When listeners hear Bach enumerate what seems like every significant variation
technique for a given theme, they can quickly attribute mastery upon hearing
that one piece.

But someone with Bach's abilities could just as easily have only _imagined_
all those variations as _potential_ music, then chosen only a few excerpts for
a lighter, shorter setting.

Now, imagine this alternative-timeline Bach wrote in a late 18th century
operatic form. For each aria he a) picks a fitting style (or mashes up
fitting/effective styles), b) imagines the set of possible music based on the
character of the text, and c) chooses what he thinks is the most fitting from
all those possibilities. (Also, throw in a bunch of hidden musical jokes along
the way.)

That alternative-timeline Bach would be superior to the real Bach. Because he
came _after_ the real Bach his output includes real Bach's mastery of
counterpoint (Jupiter Symphony, Intro to Requiem).
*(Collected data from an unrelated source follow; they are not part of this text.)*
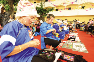 經過層層選拔出的100名繡娘在此飛針走線,同秀技藝,展現了少數民族民間文化獨特的藝術魅力。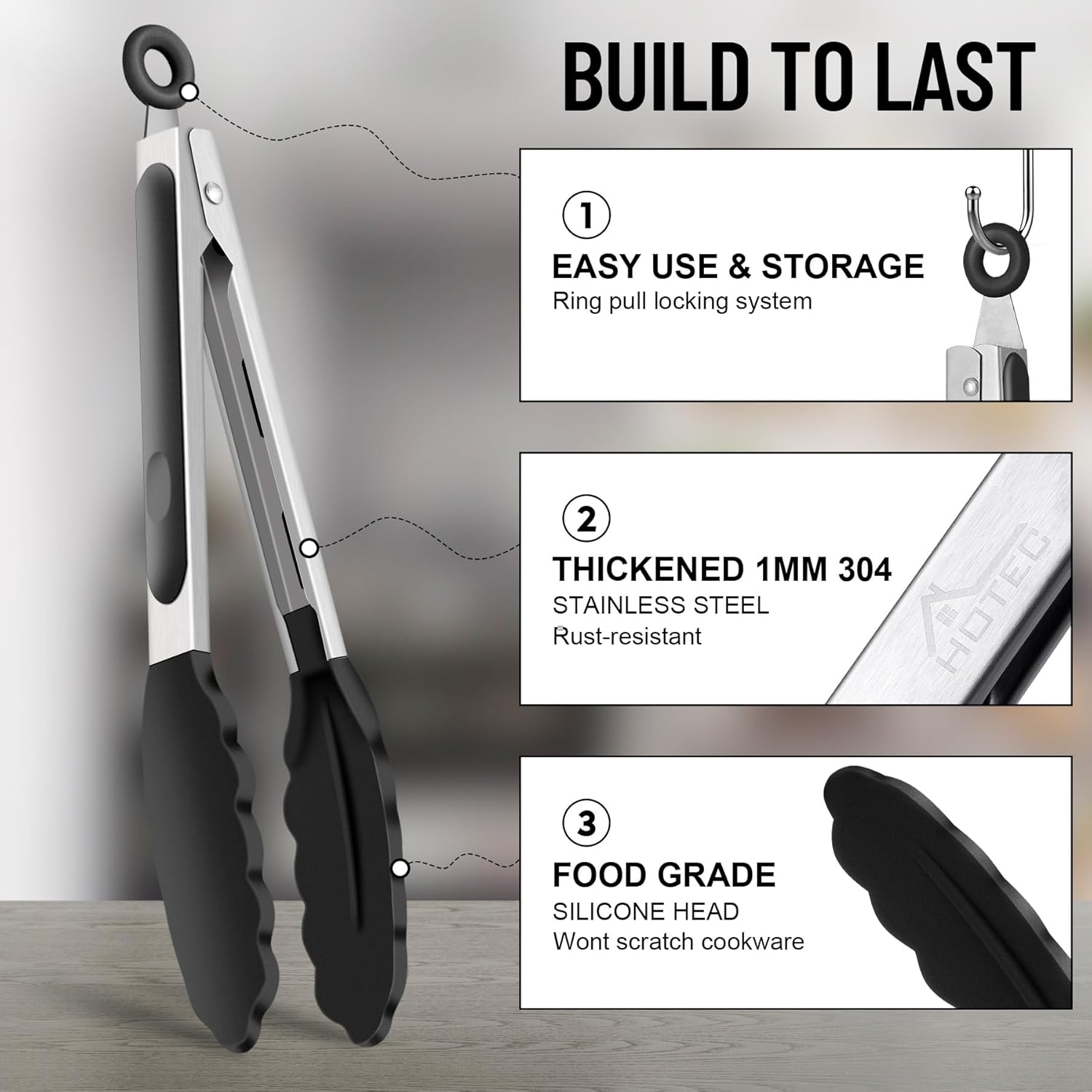 • 🔥 TOP-QUALITY CONSTRUCTION: Crafted from premium stainless steel, Hotec tongs are built to last. They're heat-resistant, rust-proof, corrosion-free, and remarkably lightweight—staying like new even after years of use. This set includes three versatile sizes: 7", 9", and 12".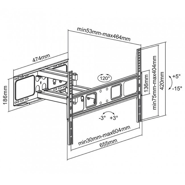 Dvouramenný výsuvný držiak TV Fiber Mounts M7C1 Vysoko kvalitný dvojramenný držiak na televízie 37-70", otáčateľný +/-60°, sklopný +5°/-15°, vzdialenosť TV 53-464mm, korekcia roviny +/-3°, montážny materiál, VESA 75x75 až 600x400, nosnosť 40kg Vysoko kvalitný dvojramenný televízny držiak, na ktorý bezpečne poveste televízory s uhlopriečkou 37" až 70". Držiak umožňuje otáčanie do strán, náklon nahor aj nadol, zmenu vzdialenosti od steny a korekciu roviny obrazovky. Dodávame vrátane montážneho materiálu. Farebné prevedenie čierne. Dvouramenný výsuvný držiak na televízie Fiber Mounts M7C1Fiber Mounts M7C1 je kvalitný dvojramenný držiak pre spoľahlivé a bezpečné povolenie televízie na stenu Technické údaje: maximálne zaťaženie 40kg podporuje VESA štandard 75x75 až 600x400 odporúčame na televízory s uhlopriečkou 37" až 70" otáčanie do strán +60° až -60° náklon +5° až -15° nastaviteľná vzdialenosť od steny minimálna vzdialenosť 53mm maximálna vzdialenosť 464mm korekcia roviny +3° až -3° bezpečné povolenie obrazovky, zabezpečenie proti vysadeniu kvalitná konštrukcia ľahká inštalácia a nastaviteľnosť farba čierna záruka 3 roky Výsuvný, otočný a sklopný držiak na zavesenie LCD, LED, OLED a QLED televízorov na stenu - Fiber Mounts M7C1 Držiak TV Fiber Mounts M7C1 podporuje VESA štandardy: VESA 75x75 VESA 100x100 VESA 200x100 VESA 200x200 VESA 300x200 VESA 300x300 VESA 400x200 VESA 400x300 VESA 400x400 VESA 600x400 Na držiak Fiber Mounts M7C1 je možné povesti všetky typy a značky televízorov, ktoré podporujú niektorý z vyššie uvedených VESA štandardov a ich hmotnosť je maximálne 40kg. Uhlopriečka televízora nie je podstatná.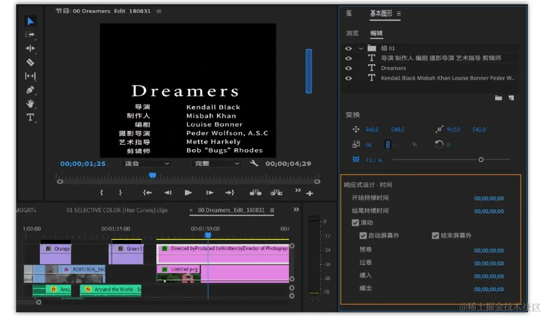 Premiere Pro响应式设计主要分为两类:时间和位置。
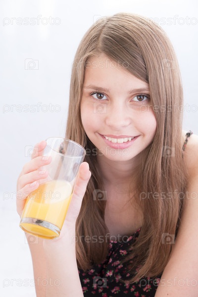 Девочки-подросток пьет апельсиновый сок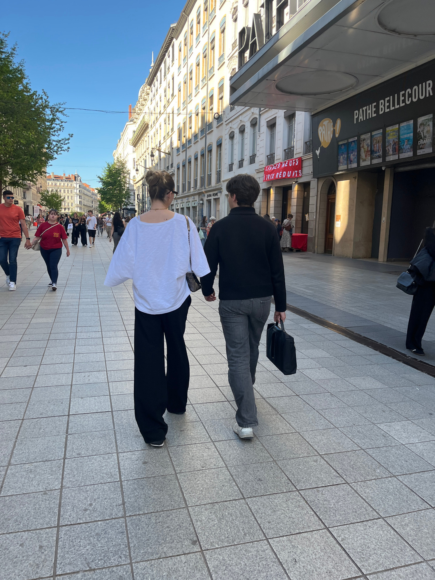 The image depicts a street scene in Lyon, France, identified by the "Pathé Bellecour" cinema signage. Two individuals, a man and a woman, are walking away from the camera on a sidewalk paved with gray…read more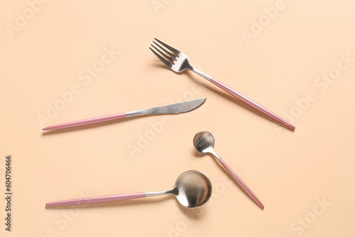 Fototapeta premium Stylish cutlery on beige background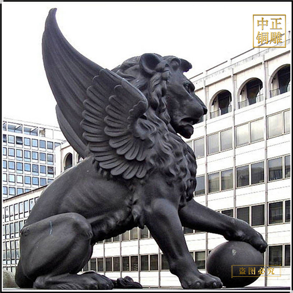 带翅膀的铜狮子雕塑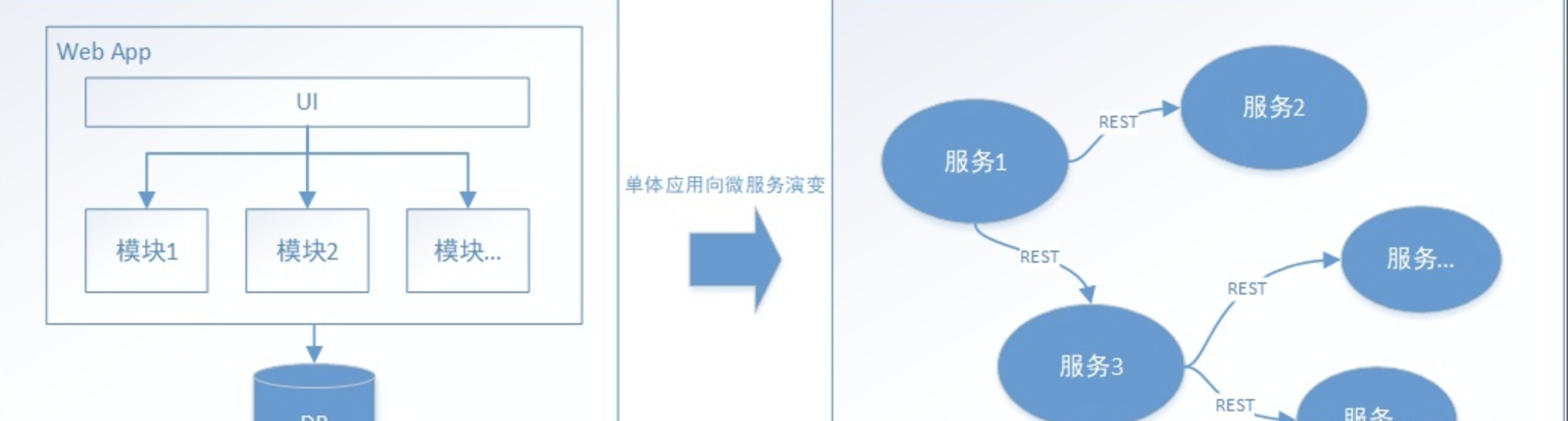 随着互联网的快速发展,软件系统由原来的单体应用转变为分布式应用,下图描述了单体应用向微服务的演变:

Also alternative-timeline
Bach can imitate real Bach's style at will (two-part invention at the end of
Rondo in A minor).

The only difficulty is that the listener has to listen to a lot of
alternative-timeline Bach before they start to get a sense of the scope of his
mastery.

Well, good thing the slot we're trying to fill gives an audience plenty of
time to hear a variety of music from this composer's output.

Bach++ ftw.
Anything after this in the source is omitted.